Answer:
Because contrary to a century of myth and propaganda, Versailles didn't go far enough; in 1919, Germany was more powerful relative to its neighbors than 1914.
Economically; in 1918 Germany was starving but its industrial base remained intact. Unlike France, whose main industrial zone was the front line for four years, or Belgium, whose entire infrastructure was blown up by the retreating German army in 1918 (yet another reason for the lack of sympathy at Versailles).
The hyperinflation of 1922–1923 was largely manufactured by the Weimar government; it wiped out personal pensions, savings and investments but benefitted large companies by doing the same to their debts. This is one reason over 80% of the top 50 German companies in 2018 were founded in the 1840s or 1850s.
Politically; Thanks to Woodrow Wilson’s principle of ethnicity = nationality, Versailles surrounded a largely intact Germany with a host of weak satellite nations, cobbled together from groups that didn’t like each other very much (eg Slovaks and Czechs), with large resentful minorities (Sudetenland Germans, Ukrainians in Poland, Hungarians in Romania etc.) and indefensible borders.
Militarily; they found ways around the limitations on the Reichswehr.
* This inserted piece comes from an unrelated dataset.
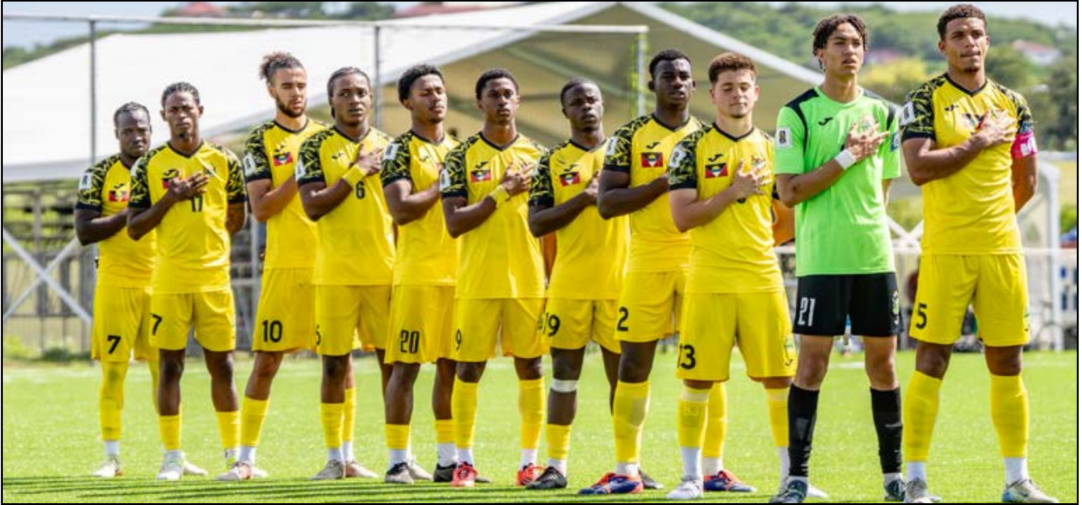
The Antigua Benna Boys starting team during their 2026 FIFA World Cup CONCACAF Group A Qualifier against Cuba at the ABFA Technical Center on Friday, June 6, 2025.

Antigua and Barbuda will be playing for pride in their final outing in the CONCACAF (Confederation of North, Central America, and Caribbean Association Football) Region of their campaign in the second round of qualifying matches for the 2026 FIFA World Cup Finals.
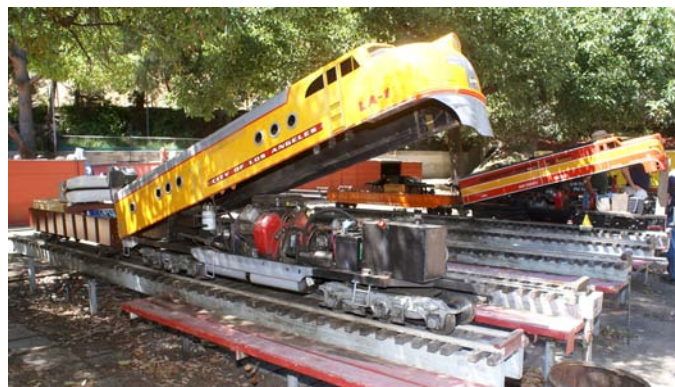
Diesels ready for servicing.

These included funding veterans associations, eg the SA, Stahlhelm, Reich banner Schwarz-rot-gold, but which also provided political parties with their own militia and thereby undermined the Republic.
They also signed secret agreements with Russia, for training and exercising aircraft, tanks and tactics but most importantly retained defensible boundaries (unlike their neighbors').
This meant the Allies weren’t going to make the same mistake in 1945. Weakening Germany was not simply a function of Stalin; even in 1990 (pre-German re-unification), then French President Francois Mitterrand said ‘I love Germany so much, I’m glad there are two of them.’ Thatcher made the same point but not nearly so elegantly.